Nella programmazione definita a metà dello scorso decennio, i 22 F-35B destinati alla Marina Militare sarebbero stati consegnati secondo un calendario che avrebbe permesso di conseguire due obiettivi: il conseguimento della IOC del «sistema portaerei» nel 2021 e la graduale dismissione dei velivoli Harrier II Plus. La rimodulazione maturata dopo la decisione di ridurre a 90 il numero di esemplari complessivi di F-35 italiani ha spostato in avanti l’acquisizione delle 15 macchine e ha fatto slittare al 2024 l’ottenimento dell’IOC per il «sistema portaerei», obiettivo questo raggiungibile avendo in linea un congruo numero di velivoli imbarcati. In tal modo, il completamento delle consegne dei 15 F-35B assegnati alla Marina Militare garantirà il raggiungimento della FOC (Full Operational Capability) entro il 2030, sia la conclusione del ritiro dalla linea degli Harrier II Plus.
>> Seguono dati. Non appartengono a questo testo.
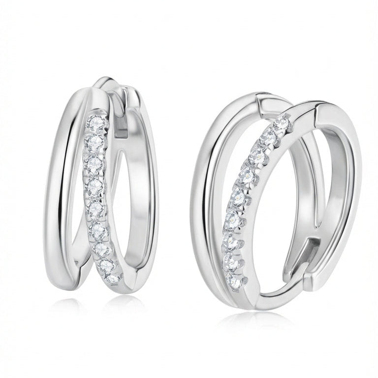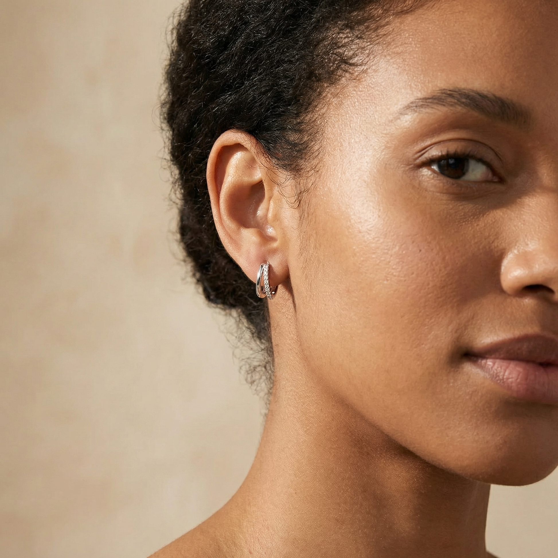 - A sophisticated interlocking triple-band design that creates the layered look of three piercings with just one.

Sinergie e possibili soluzioni
Il concetto strategico divulgato di recente dallo Stato Maggiore della Difesa contiene alcuni importanti passaggi, fra cui il raggiungimento dell’obiettivo dell’efficienza sistemica, un miglioramento dell’architettura organizzativa delle Forze armate attraverso l’eliminazione di ridondanze e duplicazioni, e i requisiti di proiettabilità e rischierabilità di reparti terrestri, navali e aerei, integrabili e scalabili secondo logiche joint by design ed expeditionary, attivabili in tempi ristretti e con un adeguato livello di autonomia operativa e logistica. In sostanza e applicando queste considerazioni agli F-35B italiani, s’invoca un più marcato ricorso alla sinergia. Un esempio di possibile applicazione della sinergia potrebbe essere il seguente: assumendo di dover intervenire — nell’ambito di una coalizione — in Africa o nel Golfo Persico, i velivoli dell’Aeronautica Militare (per esempio gli F-35A e un paio di aerocisterne) potrebbero essere rischierate in un aeroporto con una pista sufficientemente lunga, assieme a tutte le strutture necessarie a ospitare velivoli e personale di supporto operativo, tecnico e logistico: da parte sua, un gruppo navale incentrato sulla portaerei Cavour (con un gruppo di 12-15 F-35B imbarcati) e comprendente un paio di unità di scorta e un rifornitore, opererebbe al largo della costa più vicina all’area d’intervento. Grazie al propedeutico addestramento congiunto fra i «Lightning II» delle due Forze armate, in un siffatto scenario, i velivoli opererebbero insieme, sotto l’egida di un air component commander, supportati ove necessario dalle aerocisterne, mentre il gruppo «Cavour» si sposterebbe lungo la costa in funzione delle esigenze tattiche del momento, oltreché essere rapidamente riconfigurabile per altre esigenze operative e/o umanitarie. Questa sinergia verrebbe ampliata qualora della coalizione facessero parte altre risorse di natura combat e di combat support, analogamente a quanto avvenuto durante l’operazione Enduring Freedom, ma con gli opportuni miglioramenti qualitativi nel frattempo intervenuti grazie alle tecnologie disponibili. 8
Le capacità expeditionary della componente aerotattica della Marina
Militare sono evidenziate dalla panoplia di armi e sensori in dotazione a
questo Harrier II Plus, call sign «Wolf», del Gruppo aerei imbarcati.
NOTE
(1) La partecipazione della RAF all’operazione ebbe un costo di 4 milioni di sterline al giorno, comprese 40.000 sterline giornaliere per le camere d’albergo di piloti e specialisti rischierati a Gioia del Colle. (2) Usando le proprie capacità di Sensor Fusion, il «Lightning II» può localizzare, ingaggiare e neutralizzare bersagli multipli ben prima di essere scoperto a sua volta dai sensori avversari.